Chairman, Independent Corrupt Practices and Other Related Offences Commission (ICPC), Professor Bolaji Owasanoye, has again announced the commission’s resolution to begin tracking of projects executed by government ministries and departments as from this month so as to ensure quality projects across Nigeria.
According to him: “We fully appreciate that apart from constituency projects, other projects being executed by ministries, departments and agencies that are not connected to members of the National Assembly will also be tracked.”
Speaking at a two-day retreat for management of the Commission and members of the National Assembly Committees on Anti-Corruption, Professor Owasanoye said tracking of executive projects, in addition to the on-going tracking of constituency projects, would soon commence.
He said the new initiative, called Constituency and Executive Project Tracking Group, became imperative due to the huge success recorded by the ICPC in the tracking of constituency projects.
ALSO READ: EFCC, ICPC to go after N-power beneficiaries over abscondment
The ICPC boss stated that the commission had already listed priority sectors and projects for the exercise, adding that the focus would be on key sectors of education, health, agriculture, power and water resources.
“We have already dissected the 2020 budget. We have broken it down on a sectoral basis. We will also leverage on technology. We have to engage partners who have technologies that will track all the hospitals in Nigeria.
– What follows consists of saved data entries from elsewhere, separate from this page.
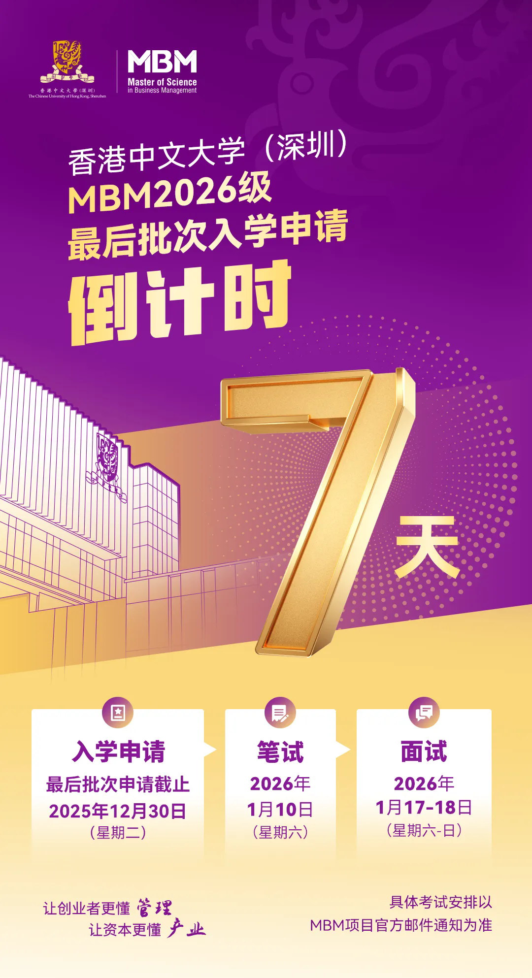 Last Call!港中大深圳MBM2026级入学申请将于12月30日截止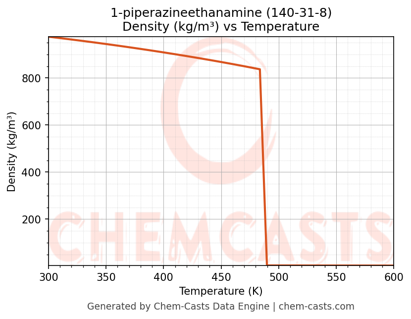 This page presents the temperature-dependent thermodynamic and transport properties of 1-piperazineethanamine (CAS 140-31-8) calculated at a constant pressure of 1 atm (101325 Pa) over the temperature range 250-500 K.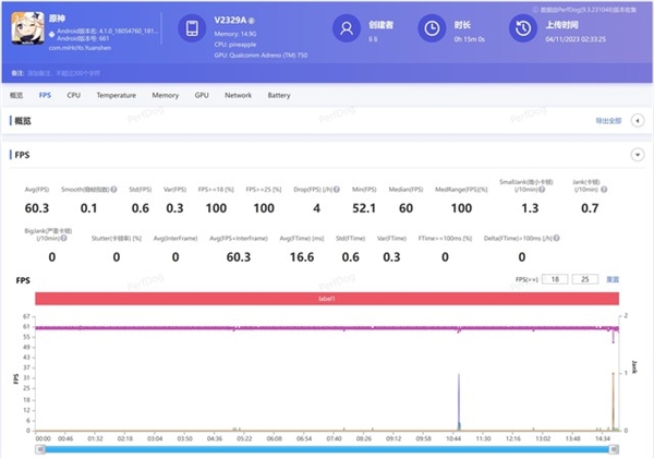 无论性能如何,作为玩家更关心的还是在实际游戏场景中的表现。在《原神》(60帧+极致画质)15分钟测试中,iQOO 12 Pro的表现相当稳定,可以全程稳定在60帧。

We will use these technologies so that nobody will lie to us,” he added.
The Chairman, House Committee on Anti-Corruption, Honourable Shehu Sani, in his paper presentation, observed that the retreat offered the National Assembly and ICPC opportunities to build a good working relationship.
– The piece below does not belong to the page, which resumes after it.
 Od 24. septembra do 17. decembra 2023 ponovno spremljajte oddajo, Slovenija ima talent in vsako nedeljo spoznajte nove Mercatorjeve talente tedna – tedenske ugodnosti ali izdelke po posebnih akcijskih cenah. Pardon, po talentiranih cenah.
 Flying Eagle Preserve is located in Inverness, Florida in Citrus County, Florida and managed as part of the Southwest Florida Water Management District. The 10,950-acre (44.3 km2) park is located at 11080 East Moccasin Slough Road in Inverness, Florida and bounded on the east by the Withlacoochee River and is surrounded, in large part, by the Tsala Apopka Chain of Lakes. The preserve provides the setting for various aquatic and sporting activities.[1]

According to him: “As one of the agencies the Committee is and will be over-sighting and appropriating funds for over the next three years, this engagement provides us with an opportunity to establish a common ground in our desire to work in sync with ICPC in the discharge of its mandate as spelt out in its enabling law.”
Sani decried the negative impact of corruption on the country, saying “the theft of public funds earmarked for the development of critical sectors such as health, education and infrastructural projects inevitably denies the nation and its people of progress and improved well-being.
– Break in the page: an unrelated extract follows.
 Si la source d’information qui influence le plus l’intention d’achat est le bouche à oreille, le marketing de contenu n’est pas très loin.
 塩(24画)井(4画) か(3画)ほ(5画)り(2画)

“A people denied good health are being killed physically, a people denied good education are being killed mentally, and a people denied adequate regular power supply, good transportation system, and other infrastructural necessities that facilitate productive and gainful life, are being killed economically and emotionally.” He stated.
He added that the 9th National Assembly would support the anti-corruption agencies through review of existing legislation and increased funding for ICPC and EFCC to enable them to perform effectively.